Problem to work on: Print the entire listing below word for word, excluding its pictures.

Stored data:
==================================================

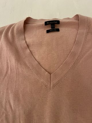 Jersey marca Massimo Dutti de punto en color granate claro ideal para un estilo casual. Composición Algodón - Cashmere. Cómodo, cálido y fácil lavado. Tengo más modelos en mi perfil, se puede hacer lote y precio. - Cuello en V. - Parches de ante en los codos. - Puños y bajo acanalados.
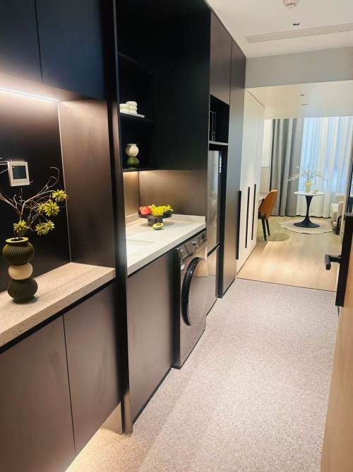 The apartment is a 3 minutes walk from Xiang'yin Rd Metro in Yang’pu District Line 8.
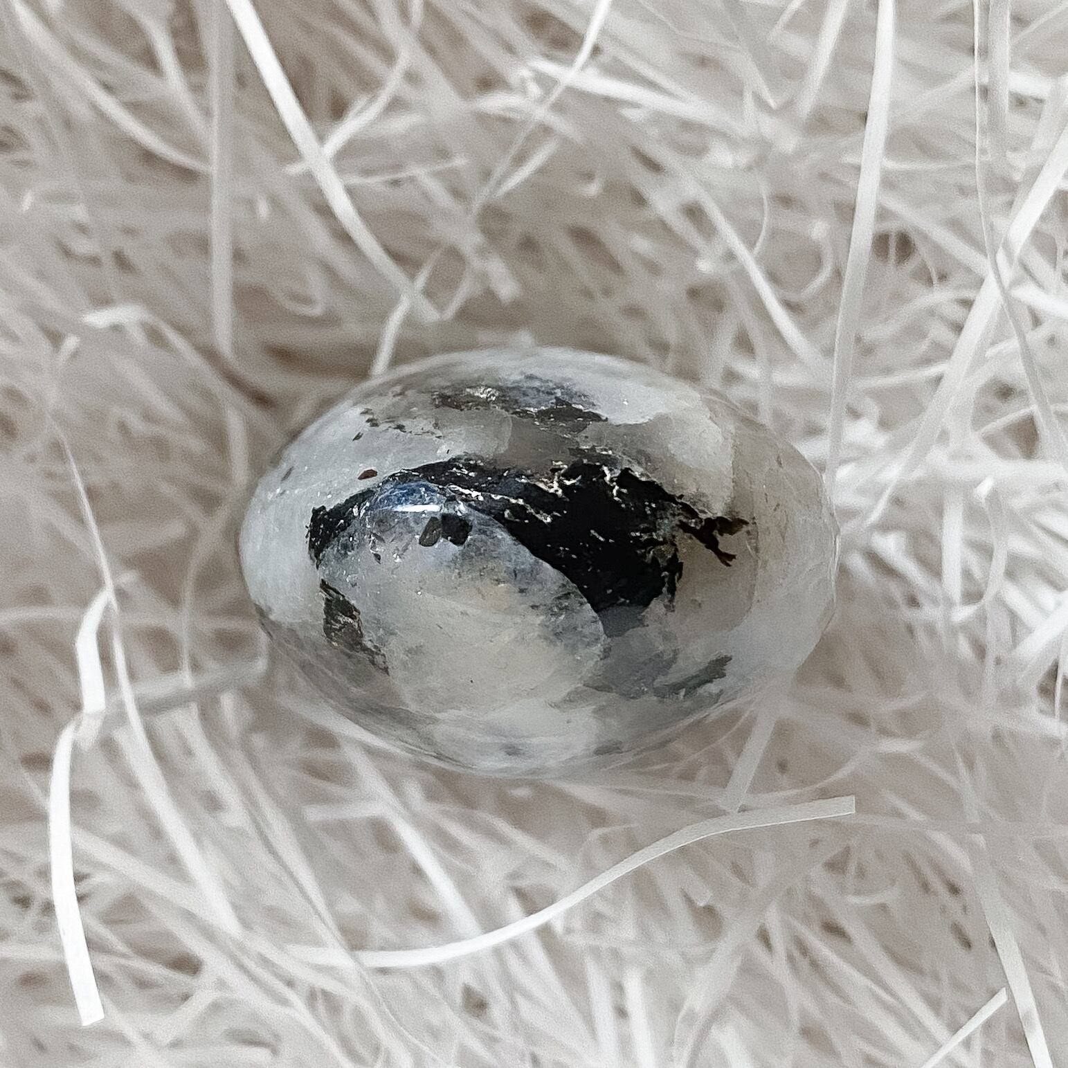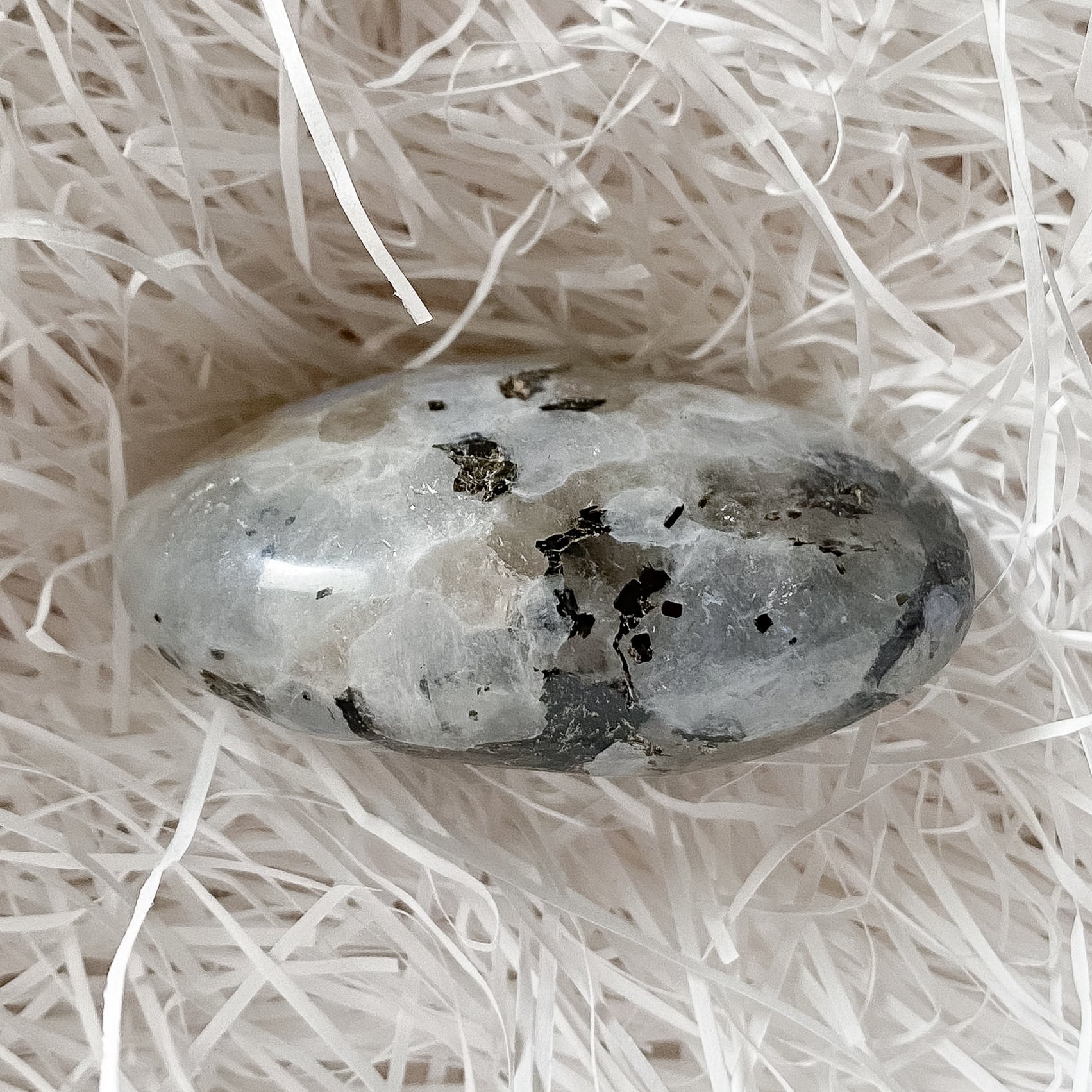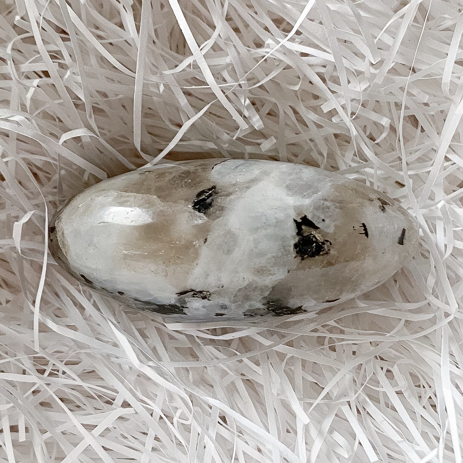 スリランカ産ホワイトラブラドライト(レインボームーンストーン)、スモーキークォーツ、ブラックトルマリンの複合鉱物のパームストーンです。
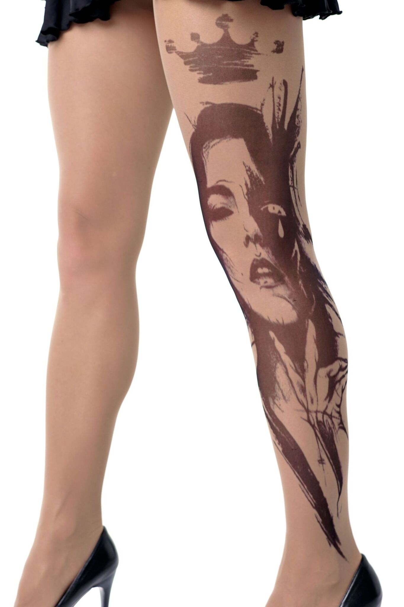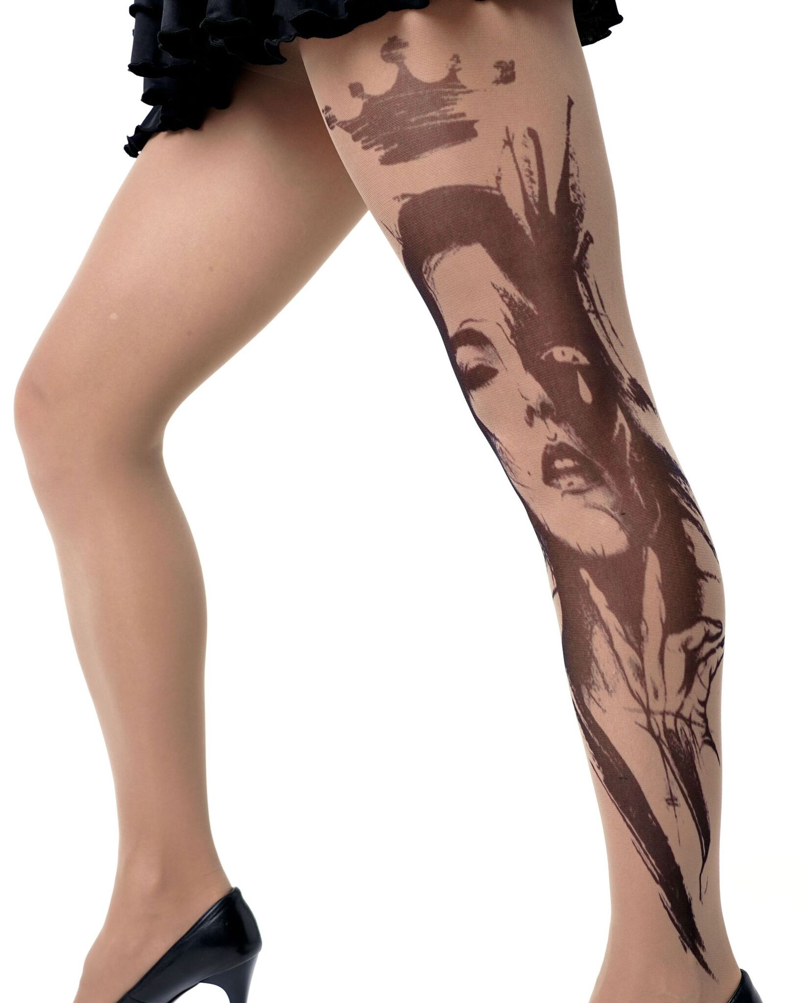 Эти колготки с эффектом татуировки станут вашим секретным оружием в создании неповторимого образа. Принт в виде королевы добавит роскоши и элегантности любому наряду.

==================================================

Task output:
 Jersey marca Massimo Dutti de punto en color granate claro ideal para un estilo casual. Composición Algodón - Cashmere. Cómodo, cálido y fácil lavado. Tengo más modelos en mi perfil, se puede hacer lote y precio. - Cuello en V. - Parches de ante en los codos. - Puños y bajo acanalados.
 The apartment is a 3 minutes walk from Xiang'yin Rd Metro in Yang’pu District Line 8.
 スリランカ産ホワイトラブラドライト(レインボームーンストーン)、スモーキークォーツ、ブラックトルマリンの複合鉱物のパームストーンです。
 Эти колготки с эффектом татуировки станут вашим секретным оружием в создании неповторимого образа. Принт в виде королевы добавит роскоши и элегантности любому наряду.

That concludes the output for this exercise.